The current regulatory probes into alleged currency manipulation at the largest dealing banks has led to a sudden deprivation in how information on order flow is being shared, with these banks no longer allowing instant messaging in chat rooms.
As Steve Barrow, strategist at Standard Bank, quoted by the Financial Times, notes: “If currency traders shy away from such ‘information trades’, for fear of reprisals . . . it seems reasonable to think that currency volatility might fall as well.”
While there is talk that hedge funds have been filling the gaps amid the absence of heavier involvement by dealing banks, it is undeniable that the Forex probes currently underway are a negative contributing factor, yet not the crucial one, as the events occur in a context of an uncertain macro theme, in which most central banks still remain sidelined awaiting to take major decisions on interest rates.
So what does it take for traders and the broader investment community to re-engage in market activities? The market needs to develop new macro-themes, so that traders can confidently start discounting such future scenario, as the current difficulty to decipher new divergences in central bank policies is definitely having a huge impact on the depressed levels of activity seen.
While market dynamics have drastically changed to those seen post the GFC era, how the market operates, prices future events and its overall structure, unless direct central bank intervention on a particular currency as seen by the BoJ post GFC, that remains intact.
One of the pivotal problems is the lack of clarity on the Fed's monetary policies. Failure to clearly telegraph when rate hikes may come is a major source of uncertainty for market participants, leading to uncommitted involvement in the world's reserve currency, the US Dollar. And since most of the FX turnover is generated in G10 vs US Dollars, failure to define a clear trend in the latter amplifies the perception of a slow, choppy market.
Evidence that markets are not that different can be found in the NZD and GBP moves from late last year and early 2014, with markets picking up the divergences perceived in their central banks' policy intentions, and subsequently, expressing these views through strong up-trends. However, the RBNZ hiking cycle or the probable tightening by the BoE in Q4 2014/Q1 2015, that is not enough to eliminate the perception of such low volatile markets.
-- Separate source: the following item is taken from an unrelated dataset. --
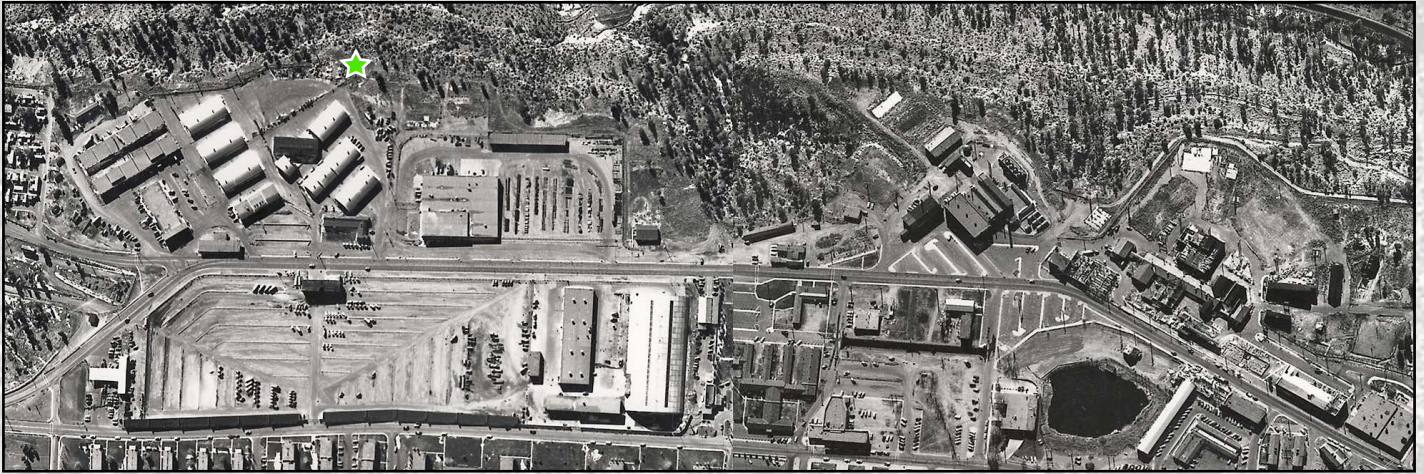
★ Legacy outfall cleanup site

What the market really needs, other than additional policy definition by the rest of central banks (ECB, BoJ, BoC, SNB, RBA), is to either receive clearer clues from the Federal Reserve on the possible timing of an awaited hiking cycle, or instead, further definition in policy by the five mentioned central above. Another possibility would be a return to the RORO theme (Risk on-Risk off), although such environment, when it occurs, it tends to cause sharp short-lived spikes off the mean rather than establishing a new trend.
For now, with Fed policies still dependent on fundamentals, which at the moment provide mix signals, and most other central banks still in a 'wait and see mode', currency investors are likely to see the low volatility extend, thus the need to adapt to the new normal.
The current regulatory probes into alleged currency manipulation at the largest dealing banks has led to a sudden deprivation in how information on order flow is being shared, with these banks no longer allowing instant messaging in chat rooms.
As Steve Barrow, strategist at Standard Bank, quoted by the Financial Times, notes: “If currency traders shy away from such ‘information trades’, for fear of reprisals . . . it seems reasonable to think that currency volatility might fall as well.”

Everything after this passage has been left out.